County prison ‘most overcrowded’

jail_barspg.jpgShrewsbury’s Dana Prison was today named the most overcrowded jail in the country. The prison is holding up to 150 more inmates than it should be.It is designed to handle 178 prisoners, but its current population has been stretched to 326 - which means it is over-subscribed by a massive 183 per cent.

Earlier this year, Ministry of Justice figures revealed some 504 inmates at the county’s two jails were having to “double-up” because of a chronic shortage of prison places.

At the end of February, 308 convicts were being held two to a cell at Shrewsbury’s prison and 196 at Stoke Heath in Market Drayton.

Juliet Lyon, director of the Prison Reform Trust, accused ministers of being complacent about the issue.

She said: “In an economic downturn it defies belief that billions of pounds should be spent locking up more and more people only to turn them out of jail homeless, jobless and ready to offend again.

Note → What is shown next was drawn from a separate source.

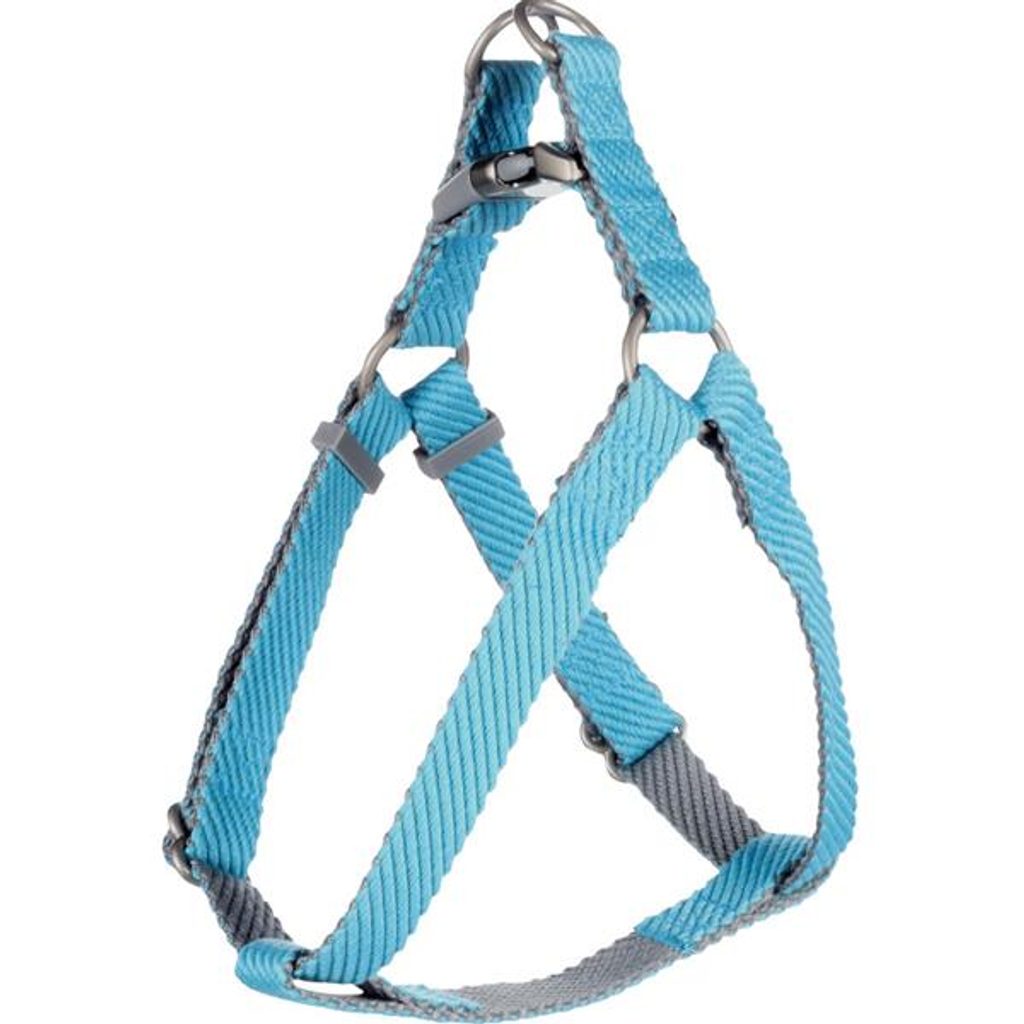 Postroj nylon Elly modrý 2x35-60cm Flamingo Postroj nylon Elly modrý 2x35-60cm Flamingo Postroj typu H pro psy Flamingo Elly je vyroben z pevného a voděodolného nylonu. Lze jej snadno nastavit v rozsahu 35–60 cm. Postroj je vybaven dvěma kovovými kroužky pro odlehčení tahu, které snižují tlak na přezku a zvyšují pohodlí psa. Zapínání je na přezku z plastu a kovu s matně niklovaným povrchem. Pro připnutí vodítka slouží dva chromované D-kroužky. Díky své konstrukci je postroj ideální zejména pro psy, kteří netahají. Velikost: M Rozměry (cca): A = 35–60 cm, B = 35–60 cm (viz obrázek) šířka pásku 2 cm Materiál: nylon, kov, plast Barva: světle modrá, šedá

“The prison population is mushrooming out of control, and the Government is still trying hopelessly to build its way out of a crisis.”

With the current prison population at a record high, SmartJustice today called for alternatives to simply locking people up.

Director Lucie Russell said: “Cramming prisoners into overcrowded jails just isn’t smart. We need prisons to keep us safe from dangerous and violent offenders but three out of five prisoners are serving time for non-violent crimes.”

Overcrowding at The Dana has long been a problem and a report by the chief inspector of prisons, Anne Owers, in 2006, said the building had “unacceptable accommodation”.

Many cells are unfit, some shower areas are held up by scaffolding and walls are damp, the report said.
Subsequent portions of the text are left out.